The researchers reported data at an average follow-up time of 20.5 months, which showed no statistical difference in overall survival between the two study arms (average 16.1 months for the standard-treatment arm compared to 15.7 months for the bevacizumab arm).glibo

While there was a difference in progression-free survival (PFS) (7.3 months for the placebo arm compared to 10.7 months for the bevacizumab arm), the pre-established level of benefit for PFS was not achieved.

"The relevant result is that the upfront use of bevacizumab is not indicated. It's important to emphasize that the question we sought to answer was whether administering bevacizumab as first-line treatment improved survival; the cross-over component allowed comparison of risk and benefit of early versus late treatment We now know by giving it late you delay the risk of toxicity, and that may be relevant,” said Gilbert.

Due to the fact that bevacizumab is known to puzzle magnetic resonance imaging (MRI) examination results used to evaluate GBM tumor progression, RTOG 0825 researchers integrated a "net clinical benefit" component in the trial design to conclude if quality of life, symptom burden and neurocognitive function test results support MRI-reported stable or improved disease status.

Over 80 percent of study participants conceded to take part in the net clinical benefits component, which revealed a higher decline of cognitive function for patients in the bevacizumab arm as opposed to those in the placebo arm.

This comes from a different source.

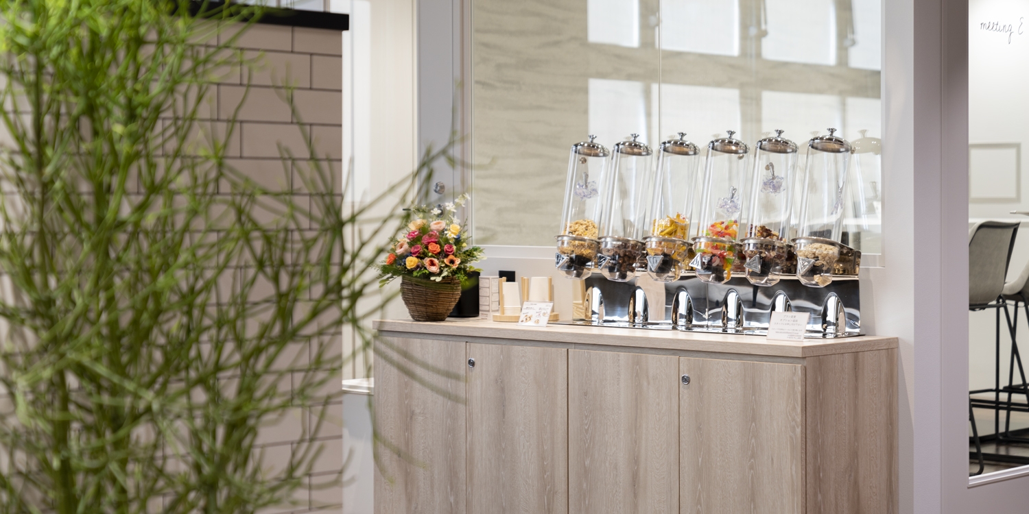 自社ビルの倉庫として使用していたフロアをコワーキングスペース『HATA-LARK』としてリニューアルしたプロジェクト。フロア内には1名から使用できるレンタルオフィス、コワーキングエリア、会議室、キッチンスタジオなど様々なユーザーの使用を想定したスペースを複数設けました。ビジネスユーザーの使用だけでなく、地域に根ざした場所になるようキッチンスタジオも企画、設計しています。室内にはグリーンを各所に設置しており、リラックスして自分らしく働くことができるとともにユーザーの自然発生的なコミュニケーションを促します。会議室はアクセントクロスで空間に遊び心を取り入れ、明るい雰囲気に。廊下は元々あった床の風合いを活かし、部分的にモルタル以外の素材を用いて空間にリズムをつけました。シェアオフィスのサインには真鍮色のものを用い、特別感を出しています。お店のコンセプトをオフィスデザインで形にしたほか、今回はシンボルロゴやカラーリング、看板、マットのデザインまで一緒に製作しており、デザインの統一を通してブランディング構築をお手伝いしました。

"While we found a difference in progression-free survival in the bevacizumab arm, there was an overall increase in symptom burden and decline in neurocognitive function and some measures of quality of life over time comparing the patients receiving bevacizumab with those on placebo," noted Gilbert.

"Study participants' consent allowing the collection of tumor tissue and blood samples, as well as imaging examination, longitudinal symptom, QOL, and neurocognitive function data provides RTOG investigators a rich archive of data to support ongoing investigations of potential molecular markers to identify subgroups of patients who may benefit from early bevacizumab," said study co-principal investigator and chair of the Radiation Therapy Oncology Group Brain Tumor Committee and a professor of radiation oncology at the University of Maryland School of Medicine, Minesh Mehta, M.D.

"The RTOG 0825 results provide important insight about the use of anti-angiogenic therapies with standard first-line treatment. he unprecedented collection of specimens and associated outcome data will provide significant future information as we investigate new treatment strategies for these patients within NRG Oncology. I thank our ECOG and NCCTG colleagues for their significant trial support,” said Radiation Therapy Oncology Group chairman, co-author and executive director of the Winship Cancer Center at Emory University in Atlanta, Walter J. Curran Jr., M.D.